▶ **Requirement**
Repeat the data exactly, please; no pictures belong in the copy.

▶ **The data**
☆ ☆ ☆
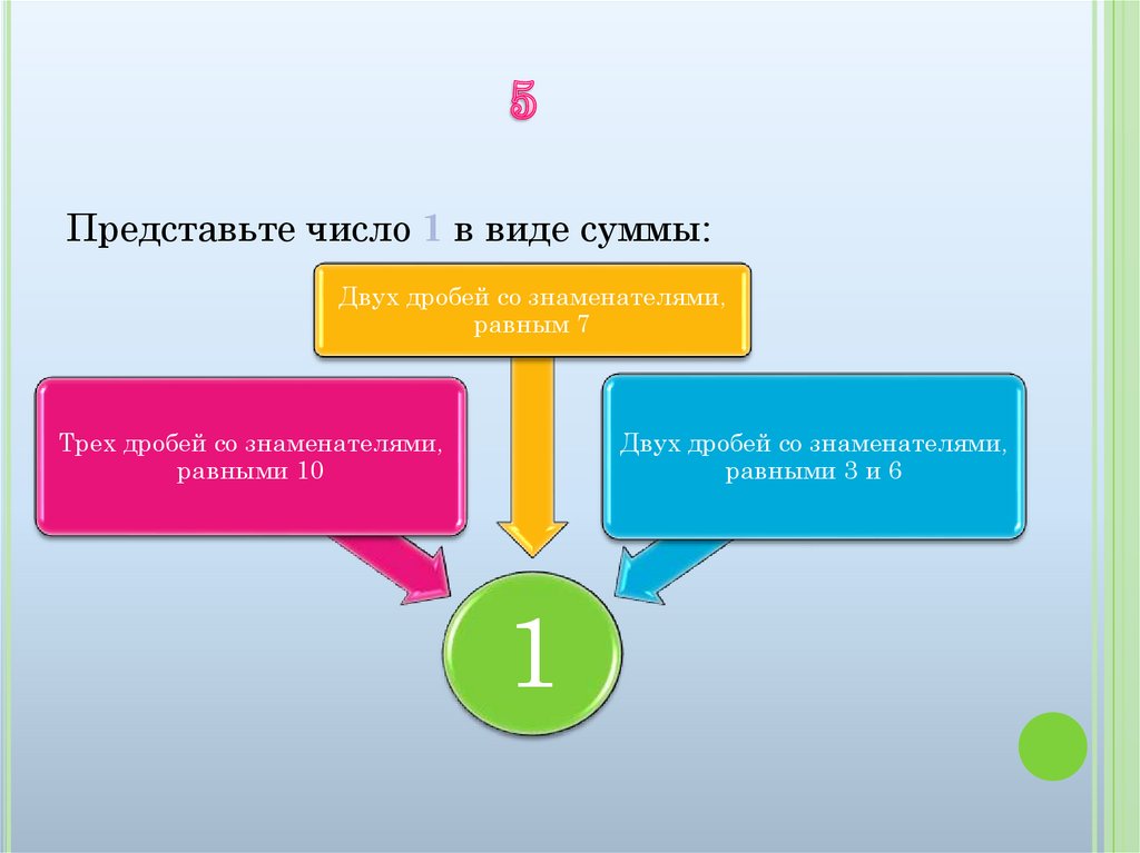 Представьте число 1 в виде суммы:Двух дробей со знаменателями,
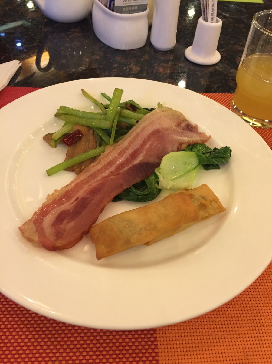 Bacon, små vårrullar och wokade grönsaker
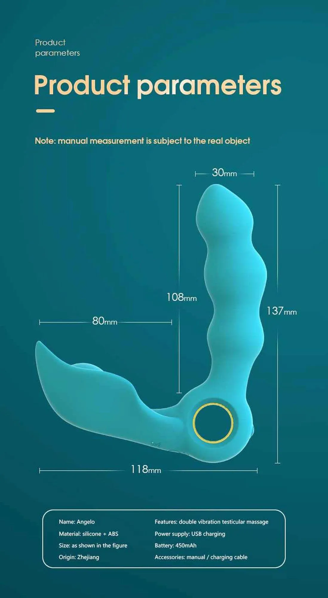 Masażer prostaty Angelo to innowacyjna zabawka stworzona z myślą o pełnej przyjemności i zaspokojeniu Twoich potrzeb intymnych. Jego ergonomiczny kształt oraz wysokiej jakości silikon, z którego został wykonany, gwarantują aksamitne odczucie i bezpieczeństwo użytkowania. Dzięki zastosowanej technologii, ten masażer jednocześnie stymuluje punkt P oraz jądra, dostarczając niezapomnianych doznań.
☆ ☆ ☆
▶ **Answer space**
 Представьте число 1 в виде суммы:Двух дробей со знаменателями,
 Bacon, små vårrullar och wokade grönsaker
 Masażer prostaty Angelo to innowacyjna zabawka stworzona z myślą o pełnej przyjemności i zaspokojeniu Twoich potrzeb intymnych. Jego ergonomiczny kształt oraz wysokiej jakości silikon, z którego został wykonany, gwarantują aksamitne odczucie i bezpieczeństwo użytkowania. Dzięki zastosowanej technologii, ten masażer jednocześnie stymuluje punkt P oraz jądra, dostarczając niezapomnianych doznań.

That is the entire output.